Mill Computing, Inc. Forums The Mill Architecture Single register Reply To: Single register

Ivan Godard
Keymaster
Post count: 689

Belt contents are immutable; the belt is strictly SSA. However, although you cannot move a value on the belt, you can create a new value that is the same as an existing value, and your example of adding zero would do that. OR with zero would likely consume marginally less power than add with zero, especially if the operand you want to save is a vector.

So there’s a better way: the rescue op. This does the same belt normalization that control flow operations do, except without actually transferring to a new address. Rescue comes in two forms. One specifies the belt positions to move to the front using an argument list. This form can arbitrarily reorder the rescued operands, and can also duplicate operands; in this is acts exactly like (and uses the same hardware as) the call and retn operations.
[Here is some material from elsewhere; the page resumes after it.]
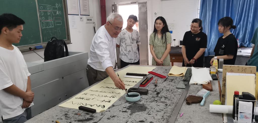 文公司陈明华书记、唐雪莹经理、胡海鹏副书记,以及专业老师和员工在第三教学楼迎接周斌博士到来,在领导老师陪同下,周斌博士参观了文公司书法教学实验室,同时为同学们示范了书法行笔,即兴临帖兰亭序,指出员工平时作品的不足之处和值得肯定的地方,并鼓励同学们继续努力,为书法的传播与发展做出积极贡献。

However, the position-list argument uses one morsel per position of encoding space.

The other form of rescue specifies the desired operands using a bitmap of the positions, which are moved to the front in numeric order and dups are not possible. The underlying implementation and effect is exactly the same, but the bitmap is a more compact encoding if you rescue more than two operands.

Because rescue is done entirely in the name-mapping logic it has zero latency, just like the equivalent functionality in branches and calls. It also does not require a trip through an ALU so it uses less power than e.g. adding zero, especially as the name-mapping is updated every cycle anyway. And although the belt effect is the same as that of a branch to the locally following instruction, there is not actual control flow and so the transfer-prediction hardware (with its power overhead and risk of prediction or icache miss) doesn’t get involved.